The Synchronistic Chronicle confirms the alliance with Assyria, probably forged to counter the growing threat from the Arameans, and notes that he died during Aššur-bêl-kala’s reign. This records his name as Marduk-shapik-zer-mati and it has been argued by Poebel that this is merely a scribal error, where MAN, šar, “king,” was taken to be part of his name. There seems to have been a military intervention in the region of Dūr-Kurgalzu by Aššur-bel-kala towards the end of his reign, as the Assyrian king’s Broken Obelisk inscription records that he captured Kadašman-Buriaš, “governor of their land.”

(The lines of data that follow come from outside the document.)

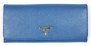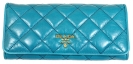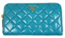 PRADA 1m1132藍色色菱格羊皮長銀包
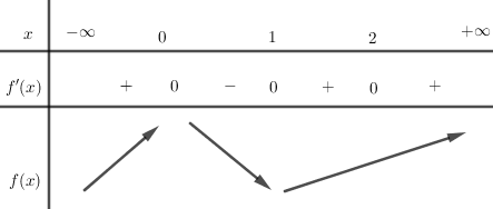 Câu 8(NB): Cho hàm số \(f\left( x \right)\) có đạo hàm \(f’\left( x \right) = x\left( {x – 1} \right){\left( {x – 2} \right)^2}\). Số điểm cực trị của hàm số đã cho là
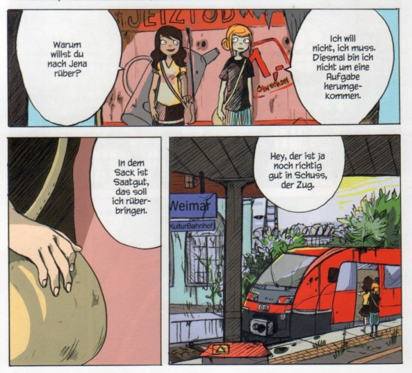 Vor drei Jahren wurde Deutschland und die Welt von einem Zombievirus überrannt. Komischerweise hatten ausgerechnet die beiden thüringischen Provinzstädte Weimar und Jena Unmengen an Elektrozaun, um sich gegen die Zombies zu schützen. Seitdem pendelt ein automatisierter Zug zwischen den beiden Städten. Und hier treffen sich Eva und Vivi, zwei junge Frauen mit einem Ziel aber unterschiedlichen Beweggründen. Während Vivi Saatkartoffeln, ein seltenes und wertvolles Gut, nach Jena bringen soll, will Eva dort eine neue Zeitung gründen, um der Menschheit ein Stück Vernetzung und Information zurückzubringen. Doch alles ändert sich, als der Zug auf halber Strecke zum Stillstand kommt und die beiden ihren weiteren Weg zu Fuss, durch die Horden der Zombies bestreiten müssen …
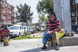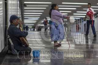 MEXICO,D.F., 14JUNIO2014.- Una pareja de invidentes interpreta canciones populares con una guitarra y una armónica a cambio de alguna moneda en la estación Candelaria del metro de la Ciudad de México. FOTO: DAVID POLO /CUARTOSCURO.COM
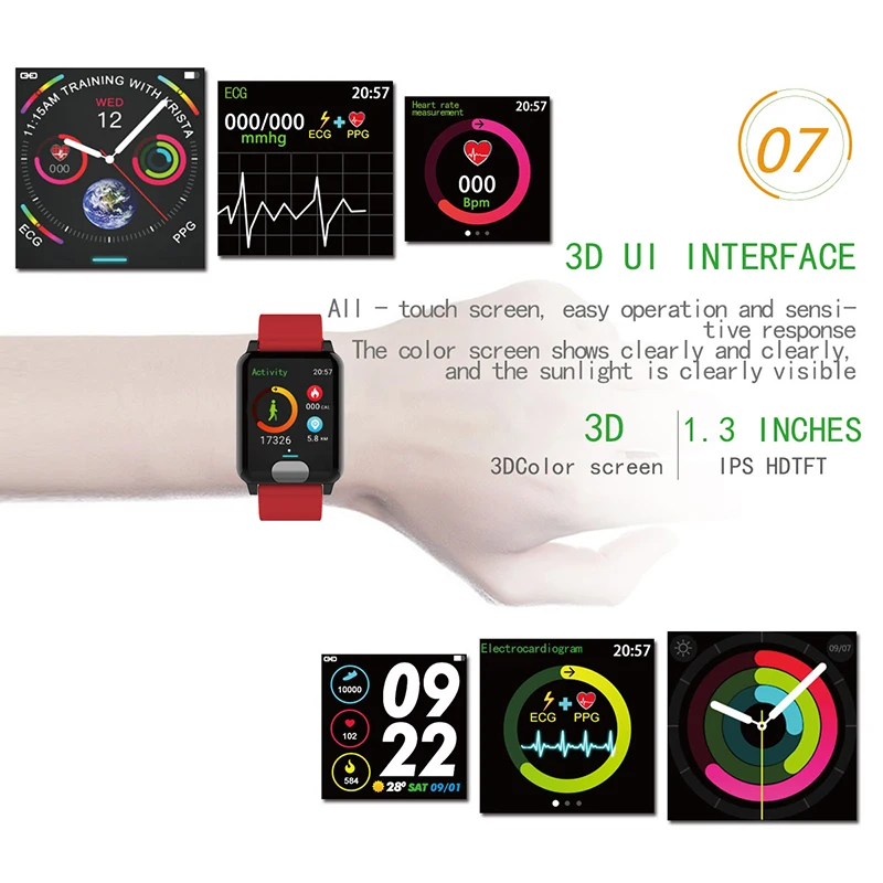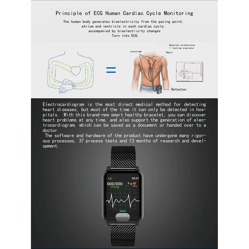 ЭКГ + PPG в сочетании для проверки сердечной функции электрокардиограммы. Сердечной функции 。 Защита окружающей среды ТПУ ремешок для часов, стикер руки не чувствовать себя носить. Функция двигателя: Шаг/калории/расстояние, мульти режим движения. Мониторинг сердечного ритма, мониторинг артериального давления и другие функции здоровья Пульт дистанционного управления функция заботы о Сервис Wearbale Hardward + SmartA pp + Big Data Clound Носите эти умные часы в любое время. Throught приложение управления, дисплей, запись данных. Данные будут синхронизироваться с приложением и клоунд севайс. Эти умные часы могут контролировать здоровье нашего тела. Это может находить и обнаруживать наши данные о состоянии здоровья, отображать статус риска и результаты оценки Долгое время работы от аккумулятора, 7-15 дней использования

A kudurru records the recovery of certain landed property by Sîn-Kabti-ilāni, the son of Šamaš-šum-lišir and grandson of Kudurri, the šāqû (^{lú}BI.LUL), “cupbearer”. He granted land in his first year to his trusty šakin bāb ekalli, or palace gate officer, Širikti-Šuqamuna, the successor in this role to Uzib-Šiparru, and the land surveyor Nabû-zēra-iddina, “son of Arad-Ea”, was dispatched with a court official to measure it. A kudurru of his reign records another member of the Arad-Ea clan measuring a field with a local official. If the reference to Marduk-[…] can be identified with him in the Chronicle of the Market Prices, the cost of goods was unexceptional. Another fragment of a kudurru has a secondary inscription dated to his twelfth year. An inscription of Napsamenni, chief of the seers and high priest of Enlil in Nippur, adorns a duck weight, and there is an economic text dated to his third year. This is an administrative record of an inspection by a storeman dated to the 30th day of the month of Ayaru (around March) marked with the seal of the king's officer, Adad-kudurra-uṣur.